Steps for how to make this Vegan Nacho Cheese Sauce:
First you rinse your cashews under hot water for several minutes, or soak them for 5 minutes in hot water (Photo 1).
Then put the rest of the ingredients plus just one cup of the water in your blender and process until completely smooth (Photo 2).
(If you are using a high powered blender such as a Blendtec, you can just go ahead and add both cups of water at once, without difficulty.)
Add your second cup of water (if you hadn’t already done so!).
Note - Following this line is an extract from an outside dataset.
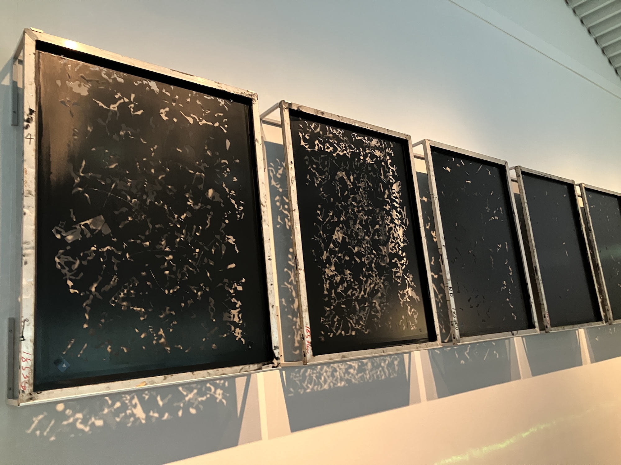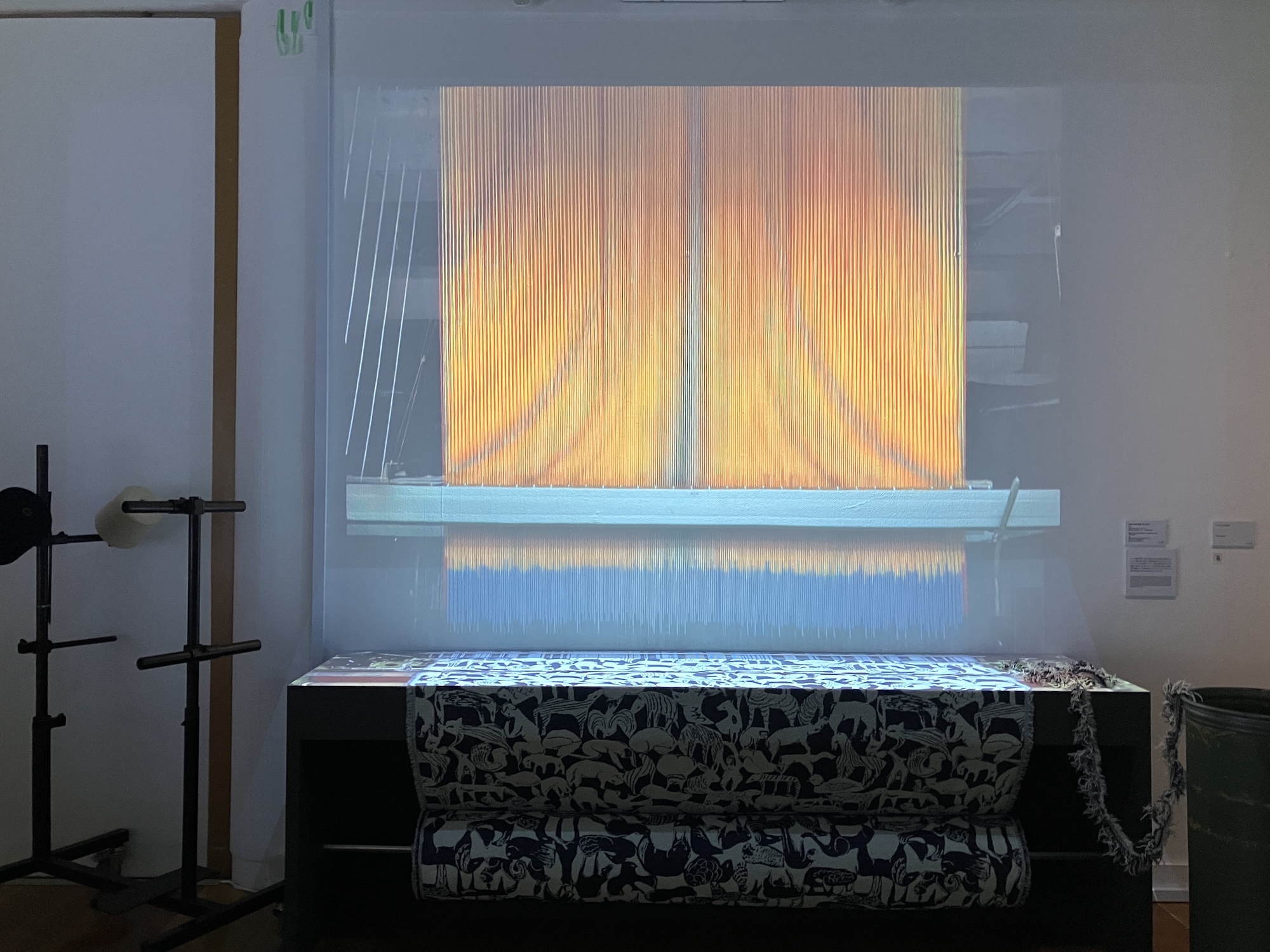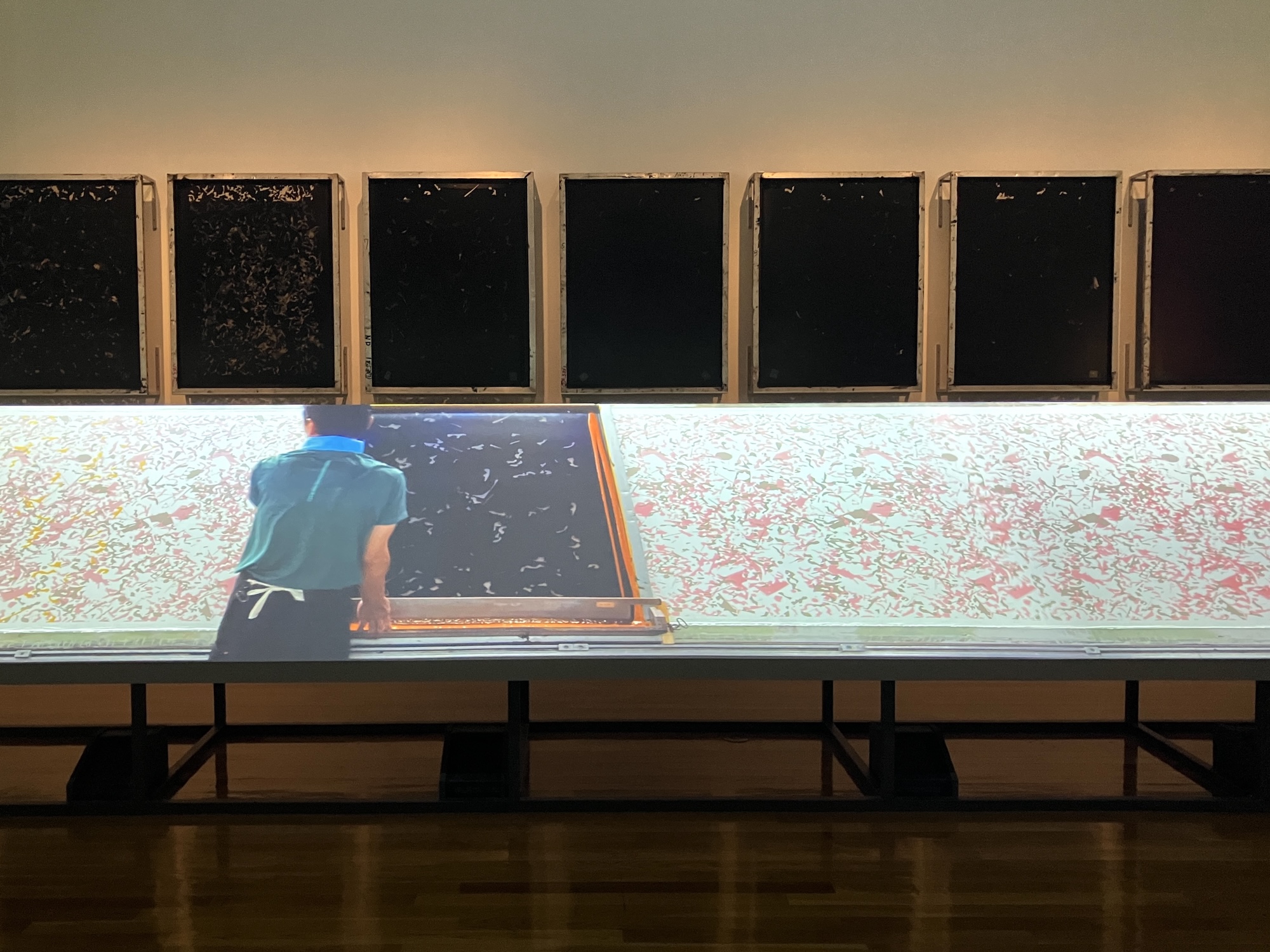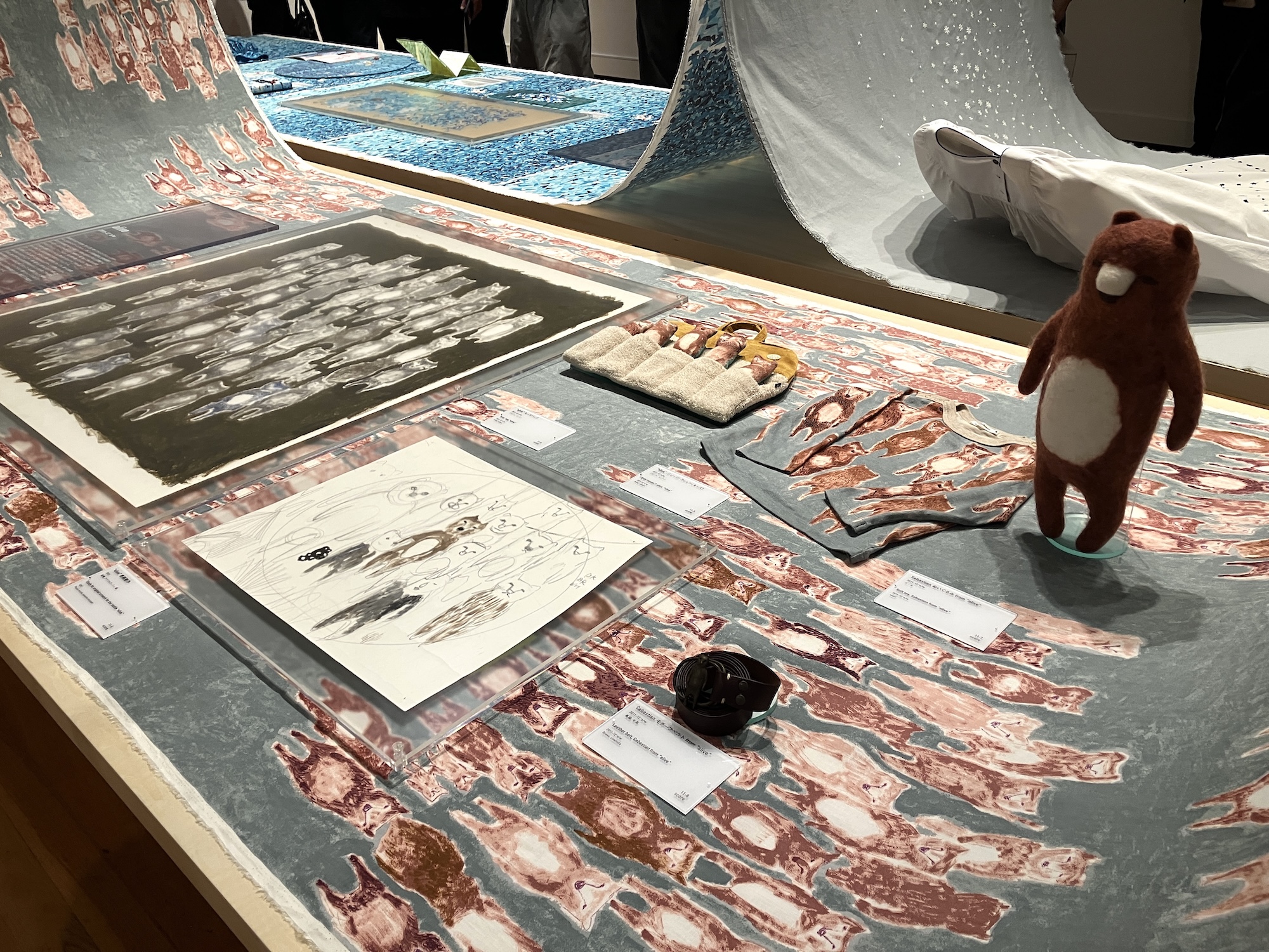 さらに実際に使われたプリント用のスクリーン版の前に設置された映像では、横長の生地に職人が実際にプリントしていく様子を目の前で見ているような体験ができる。このほか実物大のジャガード織り機の動きを再現した映像や、60時間以上かかるという刺繍が生地に施されていく様を巨大スクリーンで映した映像など、臨場感のある演出でミナ ペルホネンの製造現場を垣間見ることができる。

Pour blender mixture into medium saucepan and whisk over medium heat until it becomes bubbly and thickened! (Photos 3 & 4)
Expert tip for making vegan cheeses:
Don’t skip the step of rinsing or soaking the raw cashews, this helps soften them for an ultra-smooth vegan cheese, and gets rid of the cashew taste, giving this nacho cheese a truly realistic cheese flavor.
Devour this nacho sauce with:
- steamed broccoli and baked potatoes
- vegan black bean taquitos
- deluxe vegan burgers
- potato wedges
- oven-roasted cauliflower
- almost any cheesy way you can think of, including this vegan refried bean dip!
How to re-heat this vegan nacho cheese sauce:
Re-warm this nacho cheese in a saucepan on the stove over medium heat stirring often, or microwave it!! It lasts for up to 5 days in a covered dish in the refrigerator, and freezes well for up to 4 months!
Add even more flavor:
Another fun way to add even more flavor (and spice!) to this nacho cheese sauce is to add a small (10 oz.) can of diced tomatoes with green chilies (Rotel) towards the end of the thickening process! Talk about a yummy nacho cheese dip! It’s absolutely irresistible!
No oil option:
As an alternative to vegan margarine/butter you can add a teaspoon of Butter Flavor!
Other delicious vegan recipes:
- Vegan mozzarella cheese
- Vegan feta cheese
- Best easy blender salsa
- Vegan Pepper Jack Cheese
- Vegan smoked Gouda cheese
- Vegan herbed cheese
- Vegan cream cheese
- Black bean salad
- Vegan tofu and black bean tacos
If you’ve tried this, or any other recipe on my blog then don’t forget to rate the recipe and let me know how you got on in the comments below, I LOVE hearing from you! You can also FOLLOW ME on FACEBOOK, INSTAGRAM and PINTEREST to see more delicious food and see what’s keeping me busy!!
Vegan Nacho Cheese
- 2 cups water divided
- 1/4 cup raw cashews
- 2 oz canned pimientos or 1/4 cup
- 1/4 cup nutritional yeast flakes
- 3 Tbsp cornstarch may also use Tapioca Flour/Starch but increase amount by 1 Tbsp.
- 2 Tbsp vegan margarine/butter optional (see notes)
- 1 Tbsp white or light miso paste
- 1.5 tsp seasoned salt
- 1 tsp onion powder
- 1/2 tsp garlic powder
- 1 tsp apple cider vinegar
- Pinch cayenne pepper
- 10 oz can diced tomatoes with green chilies optional (see notes)
- Rinse cashews under hot running water for several minutes or soak in HOT water for 5 minutes and then rinse.
- Place rinsed cashews in blender. Add 1 cup of the water and all other remaining ingredients and blend on high until completely smooth.
- Add second cup of water and pour mixture into a med size pot.
- Whisk over med heat until thickened, about 8 minutes. Watch closely to avoid burning.
- Voila! Dip chips, serve as a side for baked potatoes, drizzle over maxi-bowls etc!